Friday, December 23, 2016

FOSTERING BREAKS


When the schools are broken up fostering is a different kettle of fish.

For foster children everything's "broken". Their home, their school.

On a normal school week your brood are got up and out of the house Monday to Friday, with all the usual moans. No problem.

From around eight/eight thirty in the morning you've got the place to yourself and it's down to what are increasingly called 'Chores'.

The little ones show up again in your life about four, kick off their shoes in the hall, dump their backpack on the mat and vanish to the sanctuary of their own bedroom in order to experience what is now called 'Chilling'.

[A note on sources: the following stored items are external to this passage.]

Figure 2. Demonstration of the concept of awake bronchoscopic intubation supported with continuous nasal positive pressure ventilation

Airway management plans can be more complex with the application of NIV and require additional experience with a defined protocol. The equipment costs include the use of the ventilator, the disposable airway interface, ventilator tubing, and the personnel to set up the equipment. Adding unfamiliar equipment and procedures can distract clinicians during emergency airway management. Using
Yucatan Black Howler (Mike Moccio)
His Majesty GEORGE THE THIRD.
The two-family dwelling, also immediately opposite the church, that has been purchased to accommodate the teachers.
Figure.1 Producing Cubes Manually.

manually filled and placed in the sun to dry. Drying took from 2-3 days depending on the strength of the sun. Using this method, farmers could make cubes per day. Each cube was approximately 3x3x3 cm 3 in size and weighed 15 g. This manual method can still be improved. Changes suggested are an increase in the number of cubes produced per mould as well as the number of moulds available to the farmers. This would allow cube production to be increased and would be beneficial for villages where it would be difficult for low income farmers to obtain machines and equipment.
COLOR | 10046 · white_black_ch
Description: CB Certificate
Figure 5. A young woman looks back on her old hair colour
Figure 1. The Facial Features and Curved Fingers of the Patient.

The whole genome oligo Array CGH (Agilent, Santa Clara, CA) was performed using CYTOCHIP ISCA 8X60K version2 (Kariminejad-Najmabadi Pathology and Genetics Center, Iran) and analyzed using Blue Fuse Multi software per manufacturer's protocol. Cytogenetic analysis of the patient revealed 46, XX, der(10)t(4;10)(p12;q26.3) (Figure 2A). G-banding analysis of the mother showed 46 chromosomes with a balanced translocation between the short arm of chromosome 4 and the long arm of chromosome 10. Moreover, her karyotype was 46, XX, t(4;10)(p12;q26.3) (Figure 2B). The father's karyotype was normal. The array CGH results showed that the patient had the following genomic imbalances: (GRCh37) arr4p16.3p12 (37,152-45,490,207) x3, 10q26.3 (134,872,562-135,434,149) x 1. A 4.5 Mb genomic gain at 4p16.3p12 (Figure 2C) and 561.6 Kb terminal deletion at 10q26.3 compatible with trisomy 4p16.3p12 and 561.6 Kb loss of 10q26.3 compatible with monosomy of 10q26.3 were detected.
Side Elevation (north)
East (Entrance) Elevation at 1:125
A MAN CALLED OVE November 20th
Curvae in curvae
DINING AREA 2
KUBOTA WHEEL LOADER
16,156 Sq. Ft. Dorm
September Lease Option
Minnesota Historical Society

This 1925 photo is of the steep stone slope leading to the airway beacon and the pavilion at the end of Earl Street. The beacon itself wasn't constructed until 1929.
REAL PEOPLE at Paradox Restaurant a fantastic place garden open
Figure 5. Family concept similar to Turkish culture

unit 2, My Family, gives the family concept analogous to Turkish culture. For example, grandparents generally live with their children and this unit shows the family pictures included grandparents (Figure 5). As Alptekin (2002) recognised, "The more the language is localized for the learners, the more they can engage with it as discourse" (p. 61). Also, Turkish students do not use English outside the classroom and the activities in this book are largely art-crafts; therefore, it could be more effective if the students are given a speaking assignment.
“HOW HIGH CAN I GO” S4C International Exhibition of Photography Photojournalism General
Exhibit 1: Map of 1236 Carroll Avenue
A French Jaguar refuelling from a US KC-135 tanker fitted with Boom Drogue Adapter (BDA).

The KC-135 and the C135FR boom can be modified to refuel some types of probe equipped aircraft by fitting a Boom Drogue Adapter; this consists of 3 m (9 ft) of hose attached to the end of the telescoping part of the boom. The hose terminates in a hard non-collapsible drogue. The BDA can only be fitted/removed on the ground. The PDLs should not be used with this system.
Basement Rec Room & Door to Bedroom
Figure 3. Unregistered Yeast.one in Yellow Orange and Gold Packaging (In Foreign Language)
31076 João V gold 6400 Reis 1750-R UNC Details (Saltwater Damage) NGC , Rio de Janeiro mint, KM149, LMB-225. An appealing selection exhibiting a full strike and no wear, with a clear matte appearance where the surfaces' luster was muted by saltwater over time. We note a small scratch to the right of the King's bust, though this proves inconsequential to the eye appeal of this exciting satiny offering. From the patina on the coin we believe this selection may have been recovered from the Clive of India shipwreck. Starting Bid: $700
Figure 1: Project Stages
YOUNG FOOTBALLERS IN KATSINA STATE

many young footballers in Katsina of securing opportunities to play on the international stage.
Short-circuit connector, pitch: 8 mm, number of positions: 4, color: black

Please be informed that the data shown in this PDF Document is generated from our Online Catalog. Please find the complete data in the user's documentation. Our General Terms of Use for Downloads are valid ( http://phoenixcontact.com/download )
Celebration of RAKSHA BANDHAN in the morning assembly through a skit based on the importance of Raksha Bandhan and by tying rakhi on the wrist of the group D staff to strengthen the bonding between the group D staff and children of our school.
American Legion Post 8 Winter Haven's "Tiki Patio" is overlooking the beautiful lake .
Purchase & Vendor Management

Saturday and Sunday are different. It all depends on what age foster child/children you have whether you're going to be entertainments manager or a spare part because they have got their social life sorted (for better or for worse).

But when it's holiday time...

All day every day. And the Christmas break is the most interesting because the weather and the early darkness mean they are...

BORED!

You have your contingencies; X Box helps. If you have Sky there's always a Spongebob on somewhere in planet earth. I say let them get bored at first, then they're marginally more grateful for your (feeble) efforts to amuse them.

Come day three they are climbing the walls.

Time for baking. Why do we bother? We get all the ingredients together, do the bulk of it then ALL the clearing up...

Time for painting/drawing. See above.

I've tried traditional pastimes such as house-based treasure hunts, extreme hide and seek.

Board games. They point out that they are called bored games.

Tried my own pastimes; tobogganing down the stairs on an Amazon flat pack cardboard box which causes great excitement which lasts for eight to ten minutes.

Mannequin challenge (new - and recommended). We used to call it 'Statues' when I was knee high. The last one remaining static wins.

If you're lucky...very VERY lucky, you might get them...talking!

Let the temperature drop, the urgency wane, and sometimes, they chat. I'm not talking Alan Carr here, three minutes of interplay is all you get, but it's golden.

People who are new to fostering hope that their foster children will open up about their lives, but they view their past as a failure and are haunted by the thought that it was all their fault. But when they are around you all day every day for a few weeks on end, they sometimes open up a bit and it's priceless;

Child: "I know what my mum is doing now"

Foster Mum: "What's she doing then?"

C: "Shouting. Probably at my dad."

F: "Really?"

C: "Yeah."

F says nothing, nothing can be a very good thing to say.

C: "She shouts a lot."

F: "What about?'

C: "Everything".

F: "Oh dear. What do you do when she's shouting?"

C: "Well..." (thinks)... I used to go upstairs. But then I started to tell her to stop it. But I used to end up shouting too, so that didn't work."

F: "Did she shout at you?'

C: "God yeah...duh!"

F: "What for?"

C: "I dunno."

F: "What, you mean you got shouted at but you never found out why?'

C: "Yeah. Kind of."

F: "Like you'd done something wrong but you didn't know what it was."

C: "Yeah, maybe. Bye."

And gone. Which was how we learned, one Christmas Eve, why the child was permanently experimenting with disruptive behaviours in order to try to understand what would earn rebuke and reprimand and what was acceptable.

A lucky break, and all because there was an extended commercial break on the blessed Spongebob.